Tuesday, April 17, 2012

Psalm 73. A prayer.

Now that I am praying faithfully three times a day, the words of the prayer service, said over and over again, get a bit stale.  One way I've tried to inject something new in my prayers each day is to go through the Book of Psalms, reciting one (or in the case of longer ones, portions of one) each day.
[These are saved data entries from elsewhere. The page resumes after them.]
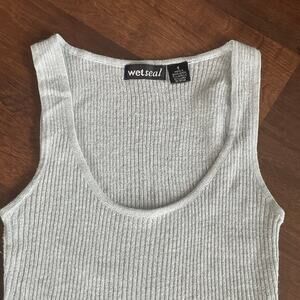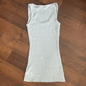 Vintage Y2K Wet Seal Powder Blue Metallic Long Ribbed Knit Stretch Tank Size S. Color is difficult to photo. Label pictures show truest color. Metallic sparkle throughout. In excellent condition.
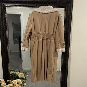 Stay stylish and warm with this elegant tan teddy coat. The plush lining adds extra comfort for chilly days.
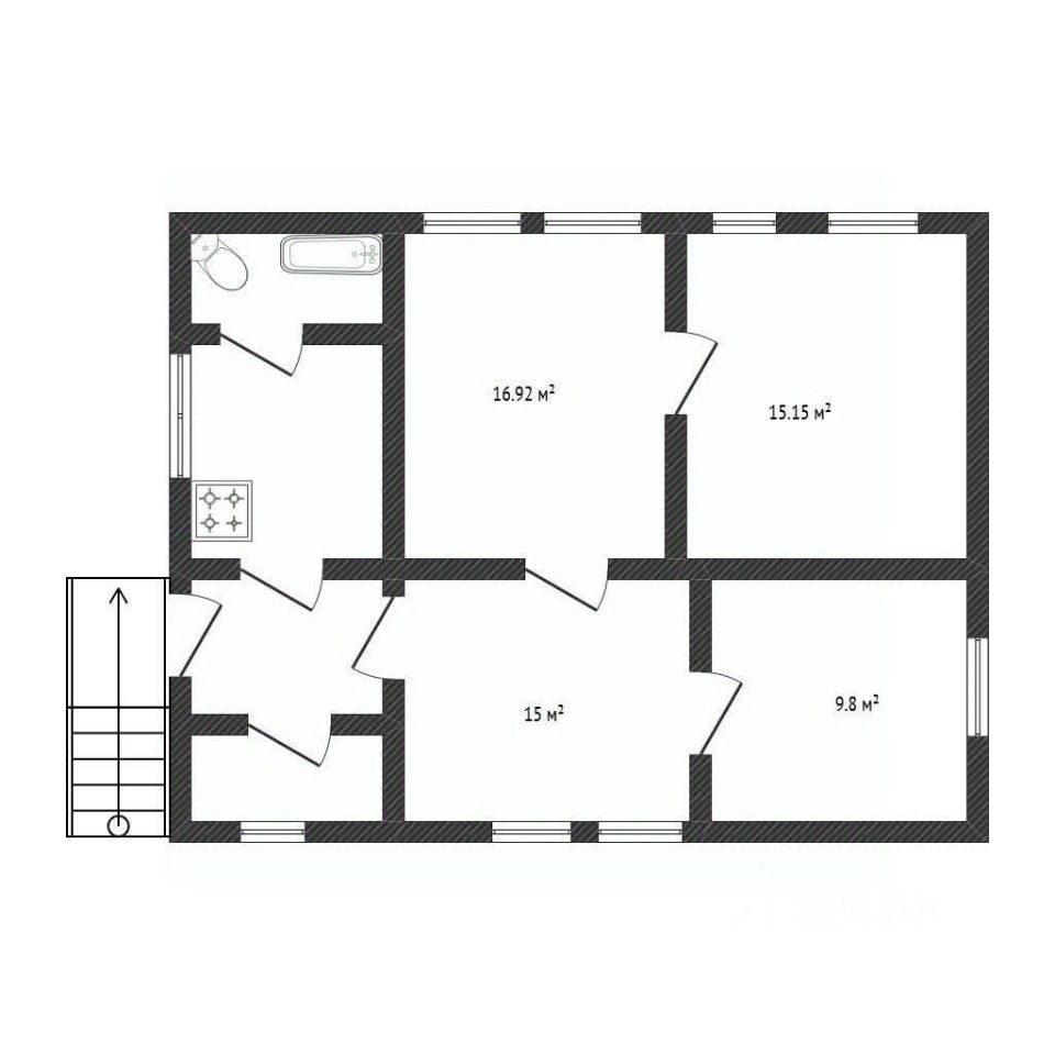 Дом теплый, с газовым отоплением и автономным водоснабжением от собственной скважины, дополненным электрическим бойлером. Планировка включает четыре комнаты: просторный зал, две спальни, холл, кухню и совмещенный санузел. Крыша выполнена из шифера.

I've been trying to mine the psalms for words that speak to my current state of mind.  Recently the  words of Psalm 73, which I've read at least ten times before, jumped out at me as if I'd never seen them before.  The Psalm (using a combination of the Metsudah and Robert Alter's translations) concludes (verses 21-28):
For my heart was embittered and my conscience stabbed with pain.
And I was ignorant and knew nothing, as cattle I was with You.
Yet I am continually with You, You held my right hand.
You guided me with your counsel, and toward glory You took me.
Whom have I in heaven but you, and besides You I desire nothing on earth.
Though my flesh and my heart yearn, God is my heart's rock and my portion forever.
For behold, those far from You perish, You cut down all those go astray from You.
But as for me, God's nearness is good to me.
I make the Master the Lord my shelter, to recount all your works.
A prayer that somehow, through the pain, I will come closer to, and, even for a moment, feel that I'm with, my Maker.  It hasn't happened so far.